The exploits of Holger Hoiriis must be the best-kept secret in Delaware aviation. Did you know, for example, that the Danish-born airman once flew a Bellanca Pacemaker nonstop to Europe, and on landing, fell fast asleep on the ramp?
Hoiriis came to America in 1924 at age 23, took flying lessons on Long Island, bought an airplane, gave rides for $1.50 and soon owned several biplanes. In the Catskills, he befriended a successful photographer, Otto Hillig, who had money and a passion for planes, but didn't know how to fly. The pair bought a Pacemaker from Bellanca and flew to Florida to find clouds and fog in which to practice instrument flight.
There in Ormond Beach, Florida, Holger met his future wife, Eldred Boynton of Wilmington, a graduate of Friends School. But the friendship had to wait - Holger and Otto had another idea: Destination Denmark.
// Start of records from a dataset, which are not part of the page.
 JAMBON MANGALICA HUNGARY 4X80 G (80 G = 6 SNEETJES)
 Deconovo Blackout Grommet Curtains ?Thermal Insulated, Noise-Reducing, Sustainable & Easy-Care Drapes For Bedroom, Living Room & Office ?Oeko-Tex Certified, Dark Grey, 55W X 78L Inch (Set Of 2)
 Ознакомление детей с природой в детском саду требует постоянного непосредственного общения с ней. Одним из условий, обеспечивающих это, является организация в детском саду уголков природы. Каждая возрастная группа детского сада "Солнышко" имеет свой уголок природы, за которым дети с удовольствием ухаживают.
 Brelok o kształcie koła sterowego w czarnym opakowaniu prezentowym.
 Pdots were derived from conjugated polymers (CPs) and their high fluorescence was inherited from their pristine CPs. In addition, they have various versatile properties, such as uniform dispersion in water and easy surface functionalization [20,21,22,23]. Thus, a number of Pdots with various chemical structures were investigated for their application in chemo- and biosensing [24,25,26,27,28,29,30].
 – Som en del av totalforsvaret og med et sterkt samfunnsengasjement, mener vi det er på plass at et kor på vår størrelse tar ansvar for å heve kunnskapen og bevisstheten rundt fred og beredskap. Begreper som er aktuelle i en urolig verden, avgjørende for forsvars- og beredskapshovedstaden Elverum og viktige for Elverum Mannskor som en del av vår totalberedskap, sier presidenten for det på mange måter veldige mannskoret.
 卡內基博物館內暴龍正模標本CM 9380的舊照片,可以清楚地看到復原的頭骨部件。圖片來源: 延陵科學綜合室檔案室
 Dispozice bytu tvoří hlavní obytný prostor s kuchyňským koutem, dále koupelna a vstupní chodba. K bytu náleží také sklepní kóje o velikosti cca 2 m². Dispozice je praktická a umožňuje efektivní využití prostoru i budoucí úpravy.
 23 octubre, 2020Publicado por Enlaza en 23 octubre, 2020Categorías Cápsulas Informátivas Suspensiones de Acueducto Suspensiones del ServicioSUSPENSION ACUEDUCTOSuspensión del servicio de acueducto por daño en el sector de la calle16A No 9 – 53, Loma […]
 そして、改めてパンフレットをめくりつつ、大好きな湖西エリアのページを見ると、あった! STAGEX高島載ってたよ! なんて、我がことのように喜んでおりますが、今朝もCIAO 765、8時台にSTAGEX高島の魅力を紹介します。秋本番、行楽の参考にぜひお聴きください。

On June 24,1931, the pair took off from Newfoundland in their red and white Pacemaker, with the name "Liberty" painted on its fuselage. They carried 600 gallons of gasoline with 3,150 miles to go. They encountered squalls, strong northerly winds, and ice. Finally, they spotted land, but after three more hours of flying, realized that they had drifted to Spain. Hoiriis turned north. With nightfall closing in, he landed at Bremen, Germany Having done all the flying, Holger fell asleep under a wing and was carried off the field.
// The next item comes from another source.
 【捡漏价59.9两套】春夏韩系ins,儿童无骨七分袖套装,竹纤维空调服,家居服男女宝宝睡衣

Next day, arriving at Copenhagen, Holger and Otto were greeted by scores of planes, 100,000 Danes, plus royalty bearing the nation's highest honors for heroes. On return to the United States, they were mobbed by hordes of crowds.
Holger married Miss Boynton, resumed barnstorming, then joined Air Services at Bellanca Airfield as an instructor and Bellanca Company as a test pilot. He was a pioneer pilot in All American Aviation's mail pickup service, and in 1939 demonstrated the world's first night pickup service at Bellanca Field.
With war approaching, Hoiriis was named first commander of the Delaware Wing of the Civil Air Patrol. But he died suddenly on August 7,1942, from a relapse of typhoid fever, leaving his wife Eldred and three daughters: Elsie and twins Karen and Lelia. Karen Hasek and Lelia Hunt live in Ohio and New Jersey, respectively.